I come across the American poet Ogden Nash, who in 1943, penned “My Victory Garden.” The poem’s last stanza is my favorite:
"My farming will never make me famous,
I'm an agricultural ignoramus,
So don't ask me to tell a string bean from a soy bean.
I can't even tell a girl bean from a boy bean."
My resolutions last year focused on growing edibles, including beans of all types, along with “add more tomato plants, get the soil tested, put in raised beds, take out more lawn, put in some apple trees.” A few of these things were much easier to accomplish than my annual, yawn-provoking “exercise regularly” resolution.
I page through a slender volume, “In Your Garden,” a 1951 collection of newspaper articles by Vita Sackville-West, whose English garden, Sissinghurst, continues to draw visitors long after her death in 1962. In one winter column, she wrote about planning a grey, green and white garden--an ethereal moon garden to be enjoyed on a summer evening.
“I cannot help hoping that the great ghostly barn owl will sweep silently across a pale garden, next summer, in the twilight--the pale garden that I am now planting, under the first flakes of snow.”
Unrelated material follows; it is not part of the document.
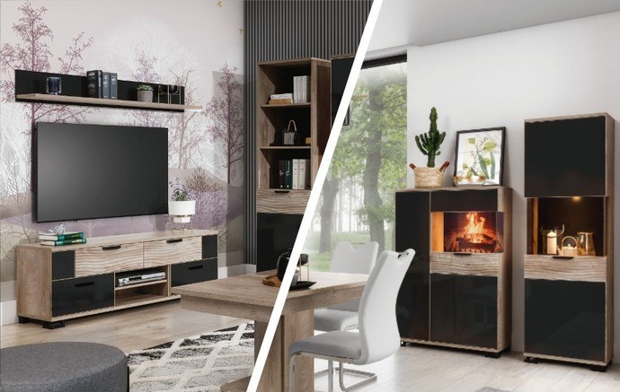- Přírodní dekor dubu v kombinaci s lesklými prvky

And then it dawned on me. My gardening resolution is not about gardening. What I really want to do is sit in my garden and observe rather than work feverishly kneeling and planting, dividing, edging, watering, fertilizing, pruning and tweaking. And so I revisit one of my favorite quotes by James Douglas from his 1930 book, “Down Shoe Lane.”
“It is a good idea to be alone in a garden at dawn or dark so that all its shy presences may haunt you and possess you in a reverie of suspended thought.”
A reverie of suspended thought. Into my garden journal goes this year’s only resolution: “Read More, Weed Less.” (I make a secret note to revisit that entry frequently.)
What are your garden resolutions for the year?